(Beginning of DATA TO PROCESS)

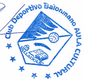
Cayetano Cifuentes Junquera
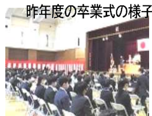
昨年度の卒業式の様子

3月、春めいてきて卒園・卒業式がもう目の前です。17日(木)区立幼稚園終了式、18日(金)区立中学校・24日(木)区立小学校の卒業式の予定です。しかし、都の「まん延防止」期間が3月6日(日)に延長、さらに13日まで延期が検討されており、子どもたちの最後の思い出作りもままなりません。
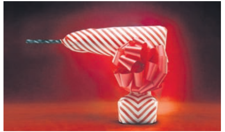
Hafðu í huga hvers konar tilfinningar gjöfin vekur.

6 Ef þér finnst það hins vegar eyðileggja algjörlega spennuna gætirðu beðið hann að nefna til dæmis fimm atriði og velja síðan eitt. Þá veit hann að minnsta kosti ekki hvert þeirra verður undir trénu. www.wikihow.com
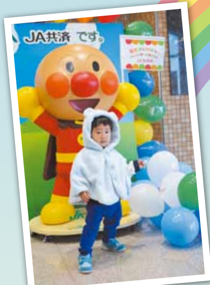
アンパンマンと記念撮影 一緒に撮った写真は、記念のキーホルダーにしてプレゼント!

子育て世代を対象に、地域貢献やファン作りを目的として行いました。クリスマスリース作りやスポーツチャンバラ体験に、同くらぶ会員ら親子17組50人が参加しました。
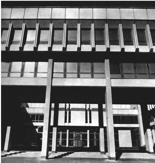
6 pav. LR Seimo rūmai (archit. A. ir V. Nasvyčiai, Robertas Stasėnas) Fig 6. LR Parliament House (arch A. ir V. Nasvyčiai, Robertas Stasėnas)

Gamtiniai elementai. Projektuojant miestus ar jų dalis taip pat buvo įgyvendinta nemaža tiek anksčiau keltų, tiek naujų aplinkos humanizavimą idėjų. Nors Lietuvos naujų miestų statybos neįgavo nei SSRS nei Vakarų Europai būdingo masto, novacijomis garsėjo Kalniečiai (1975–1983 m., suplanavimo aut. G. Miškinienė, A. Krasilnikova, A. Steponavičius) Kaune, Žirmūnai (1962–1969 m., suplanavimo aut. B. Kasperavičienė, 1968 m. – SSRS valstybinė premija) bei Lazdynai (proj. 1962–1967 m., įgyvendinimas 1967–1973 m., suplanavimo aut. Vyt. Balčiūnas, V. Brėdikis, V. Čekanauskas,
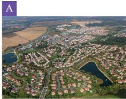
Magny-le-Hongre (commune du Bassin parisien)
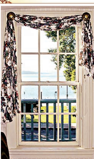
★左圖：兩百年老店Sherwood Inn窗外看出去即可見Skaneateles湖的景色。
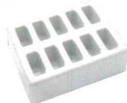
11-406-2 専用充電器(10台用) ¥157,300 (W141・D58・H182) 接点充電式 ACアダプター付属
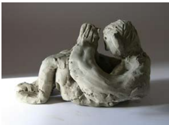
Žiga Strmšek, 6. a
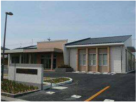
南部保健センター
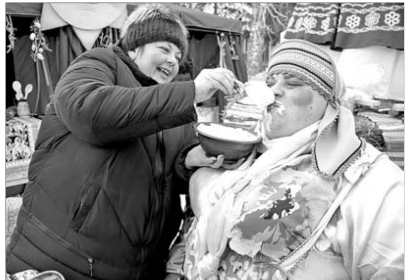
ХОРОШИ БЛИНЫ, ДА СО СМЕТАНОЙ. ВОТ ТАК АППЕТИТ!

Самый ажурный блин испекли в Волчанском поселении, а тонкий — в Елецком, оригинальный — в Малобоевском... Награды за лучшую
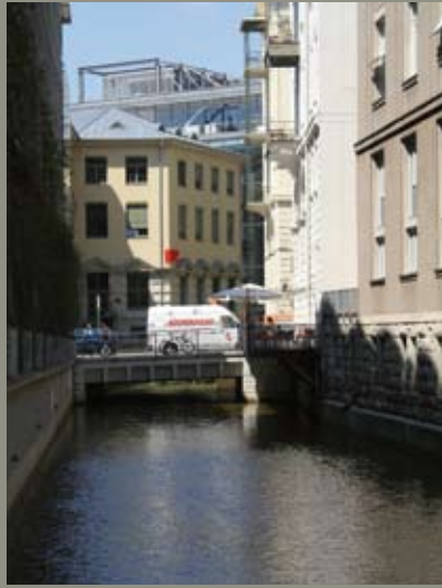
Impressionen aus Leipzig
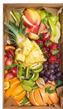
FRUIT BIG BOX
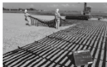
敷網工(パラリンク) ▶P. 5
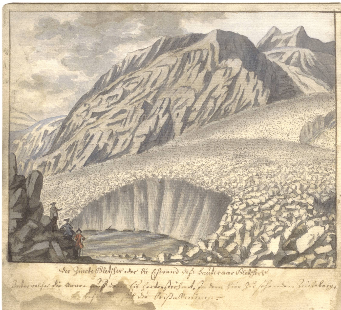
Abb. 1: S. H. Grimm: «Der Zincke Gletscher oder die Eißwand des Lauteraar Gletschers», Aquarell vor 1760.
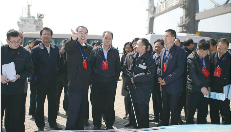
福建省常委、政法委书记苏增添（左四），厦门市市长刘可清（左三）一行，听取远海码头总经理张俊生（左五）关于远海自动化码头建设情况的汇报。

2月21日上午,福建省常委、政法委书记苏增添等30余位福建省全国人大代表一行莅临远海码头现场视察并听取远海自动化码头建设进展情况。厦门市市长刘可清作为此次全国人大代表参加视察活
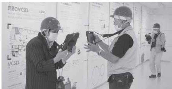
鹿島 DXラボを見学するシルバーバンク会員
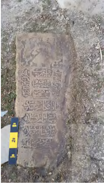
تصویر ۶: نمای یکی از سنگ قبرهای روستای دوان، حاوی مشخصات فرد متوفی و اشعاری در پیرامون آن

نگاره‌های سنگ قبور تاریخی روستای دوان را می‌توان به پنج گروه گیاهی، حیوانی، انسانی، نقوش انتزاعی و هندسی و اشیاء تقسیم‌بندی کرد. احتمالاً این تصاویر تحت تأثیر عقاید مذهبی، روایات و باورهای مردم روستا خلق شده‌اند و علاوه بر پر کردن فضای خالی قبور دارای جنبه زیبایی‌شناختی، آیینی و پیشینه تاریخی نیز بوده‌اند.
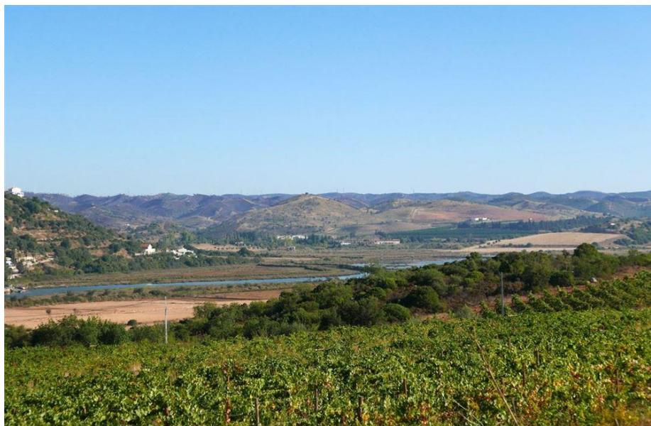
Paysage viticole de l'Algarve

La région viticole de l'Algarve est très certainement beaucoup moins connue que son plus proche voisin au nord, Alentejo. Néanmoins elle aussi mérite qu'on s'arrête sur son passé, son présent et son futur .
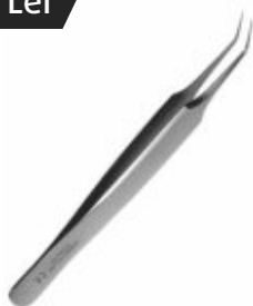
Pensă microchirurgie curbă
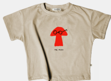
MR. MUSH SAND
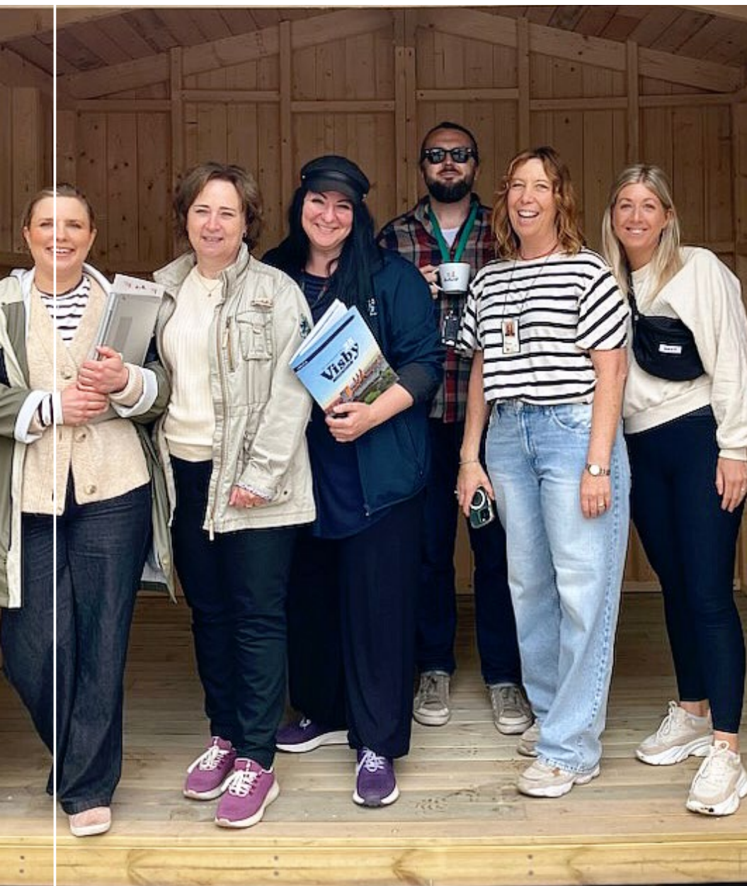
PROJEKTGRUPPEN INSPEKTERAR MARKNADSBODAR I MAJ 2025
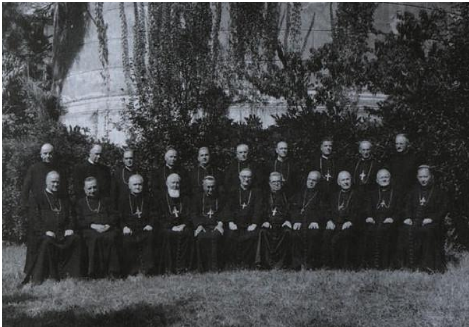
Sudionici Biskupske konferencije Jugoslavije 22. rujna 1961. godine, kojom je predsjedao Franjo Šeper.

(CVRLJE, V. (1980). Vatikan u suvremenom svijetu , Zagreb: Školska knjiga.)
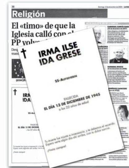
Página de La Razón 13/12/2009
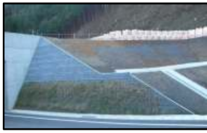
473号線沿いでの補強土壁が完了しました
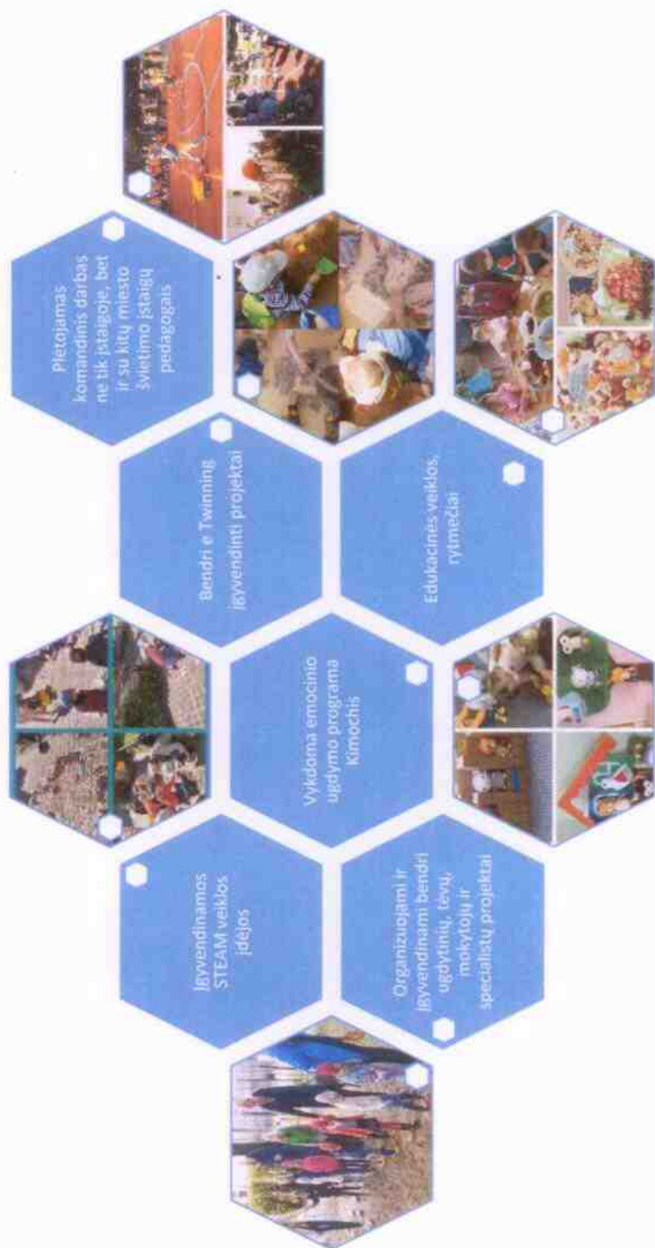
2 pav. Ugdomo(s) sąlygų pagerinimas modernizuojant ugdomo(s) aplinkas.
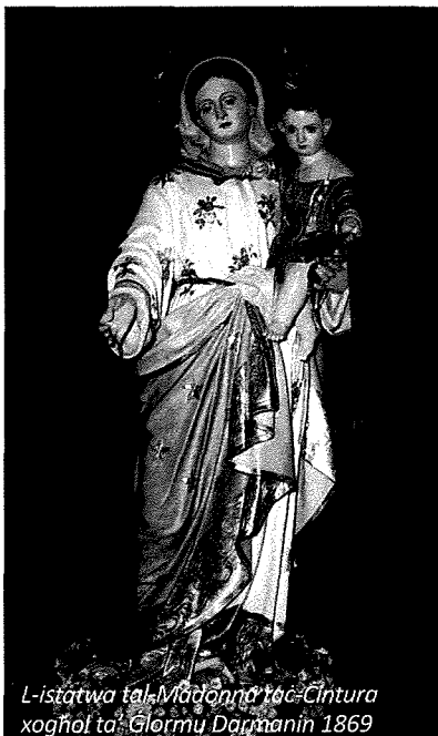
L-istatwa tal-Madonna taċ-Ċintura xogħol ta' Ġlormu Darmanin 1869

Il-membri tal-kongregazzjoni taċ-Ċintura kellhom id-dmir li jattendu purċissjoni li kienet issir fir-raba' t'add ta' kull xahar wara l-kompieta. L-Arcipriet li kien ir-rettur ta' din il-kongregazzjoni jew xi hadd li jqabba hu minfloku kien jagħmel priedka f'din l-okkażjoni sabiex iħeggeġ in-nies għad-devozzjoni lejha il-Madonna taċ-Ċintura. L-imsieħba ta' din il-kongregazzjoni kienu obligati jagħmlu ġurnata sawm nhar is-Sibt ta' wara li jkun miet membru tal-għaqda u jekk ma jkunux jifilhu jsumu kellhom jgħidu ħmistax il-posta rużarju. Kellhom ukoll jattendu l-funeral u jgħidu ħames posti rużarju għal ruħu fil-kappella tal-
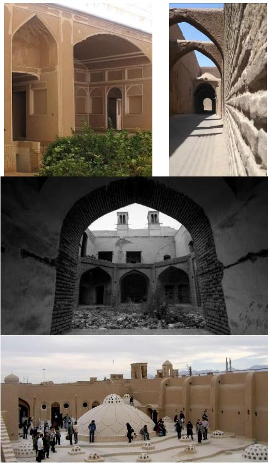
Fig 2. Examples of walls, backings and vaults in historic districts of Yazd [2]

از دیگر مولفه‌های معماری که بر فرم سازه و مهار جانبی دیوارها تاثیرگذار است، تنوع موجود در انتخاب طاقها و گنبد‌های مناسب برای بنا با توجه به نقشه معماری می‌باشد. با توجه به مشاهدات میدانی شکل (۲)، تبحر استادکاران و معماران سنتی در اجرای انواع سقف‌های قوسی به شیوه‌های متنوع و با بهره‌گیری از المان‌های مختلف، امکان اجرای
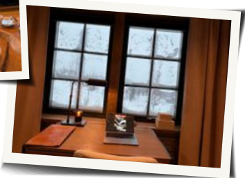
Till höger: Arbetsplatshörnan i sovrummet.
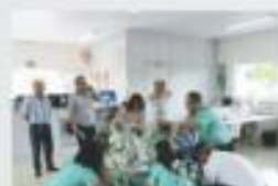
→ SORTEIO DA PROMOÇÃO NATAL DE OURO 2016
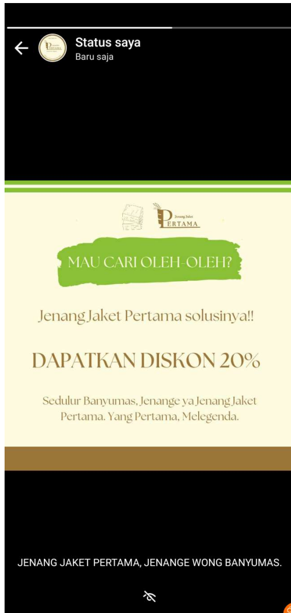
Gambar 5. 5 Postingan WA Jenang Jaket Pertama
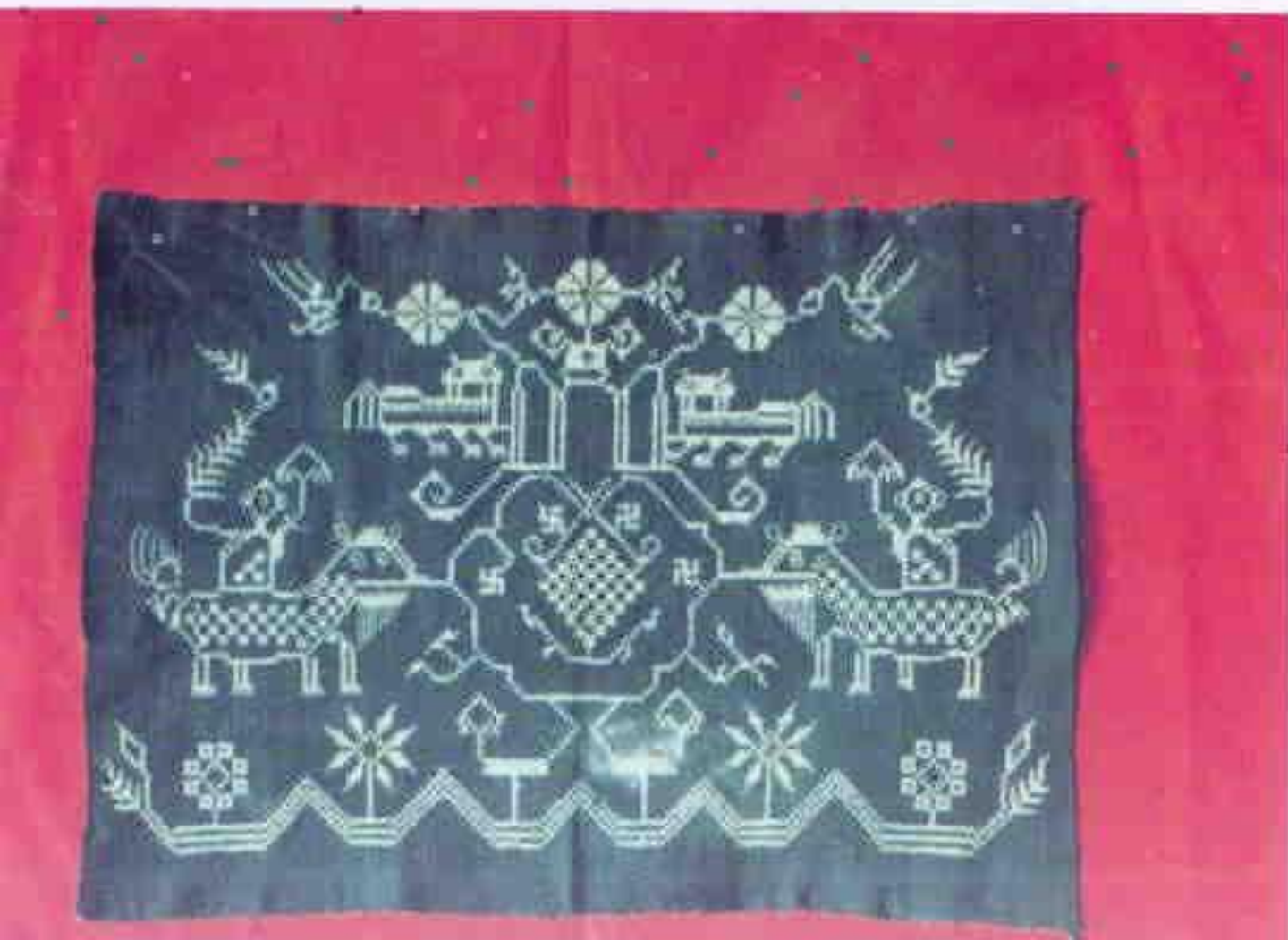
长阳虎凤纹 刺绣手袱

(End of DATA TO PROCESS)

:: ACTIVITY ::
Copy out each line of the records where the word "viticole" appears.

:: WRITTEN REPLY ::
Paysage viticole de l'Algarve
La région viticole de l'Algarve est très certainement beaucoup moins connue que son plus proche voisin au nord, Alentejo. Néanmoins elle aussi mérite qu'on s'arrête sur son passé, son présent et son futur .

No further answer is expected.